Notably, we did not observe any association between the MOCART score and the rate of failure and revision. This finding suggests that the MOCART score does not have a prognostic value in the assessment of the outcomes of surgical management of OL in the knee and talus. Also, the MOCART score did not have sufficient inter-rater reproducibility to allow reliable and univocal use in clinical practice [1].

Three modified versions of the MOCART score are presently available, namely the MOCART 2.0 [19], the modified MOCART [20] and the MOCART 3D [10]. The modified MOCART showed inhomogeneous inter-class correlation coefficients, and no strong correlation could be established between the score and the arthroscopic findings in OL of the talus [20]. The MOCART 2.0 also did not show any association with clinical parameters [2]. On the other hand, however, many items of the MOCART and MOCART 3D showed good correlations with histological scoring systems [10]. Given these limitations, it is difficult to interpret the lack of relationship between age, sex, BMI and defect size and the MOCART score. One possible key is that the MOCART score is not influenced by these factors, or that age, sex and BMI do not influence the extent of OL lesions. The available data do not allow clarification of this issue.

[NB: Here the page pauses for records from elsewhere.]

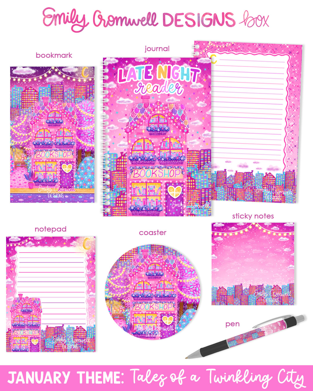 Treat yourself with the Emily Cromwell Designs Box! Each quarter, you'll get a subscription box full of exclusive bookish merch that will make any reader swoon with delight. Receive everything you need to express your love of reading in style!
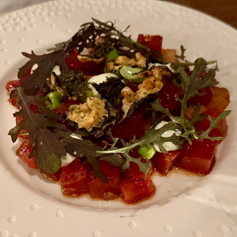 Minstens zo goed bedacht en uitgevoerd is de tonijn. Die is in kleine blokjes gesneden, gemarineerd in niet te zoute soja en wordt als een soort mozaïk opgediend met watermeloen en rettich in hetzelfde formaat.
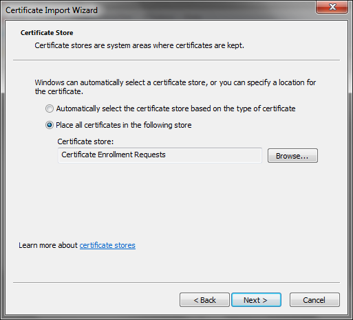- Select Place all certificates in the following store. Make sure the default certificate store is set to Certificate Enrollment Requests and click on Next.

Overall, the question arises whether MRI is a reliable enough tool to assess chondral damage and to follow-up OL treatment, or whether the MOCART score is not a powerful enough tool to allow association of imaging and clinical data. Numerous studies support the use of MRI when following patients with OL of the knee and of the talus. MRI changes of the chondral surface correlate with the structure of the underlying trabecular bone [18], and the combination of clinical parameters with specific MR imaging acquisition represents a promising tool in the follow-up of OL treatment [4, 10]. These findings, combined with the findings of a present study, support the hypothesis that the MOCART score, more than the MRI itself, is not a reliable tool in the follow-up of patients who underwent surgical treatment of OL lesions. However, strong evidence supporting the use of MRI as gold standard in the assessment of OL and its treatment is still lacking [7].

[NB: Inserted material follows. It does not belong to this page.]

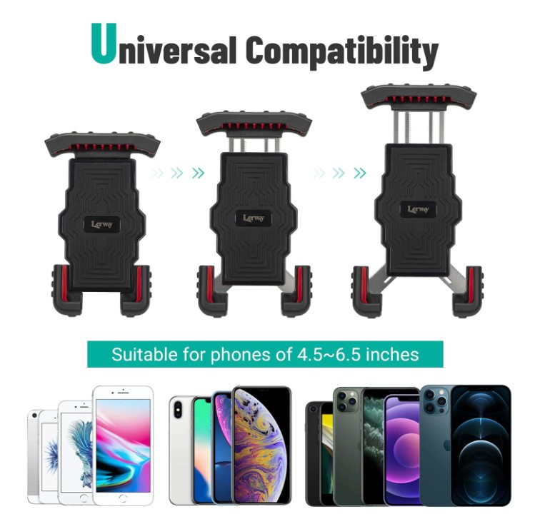 Keep your phone safe, stable, and within easy view while you ride with this Universal Bike & Motorcycle Phone Mount. Designed for smartphones and GPS devices between 4.6 to 6.5 inches, it combines a rugged handlebar clamp with strong aluminum arms to ensure maximum durability and grip.

This study does not come without limitations. First, only the evaluation of the MOCART score and not of its successive implementation was possible given the lack of data available for the analysis. Although several studies focused on the management of chondral defects of the knee and talus, relevant quantitative data available for inclusion and analysis were limited. The lack of RCTs also represent an inevitable bias in the interpretation of the results.

Conclusion

The MOCART score demonstrated no association with patient characteristics and surgical outcome in patients who underwent surgical management for chondral defects of the knee and talus.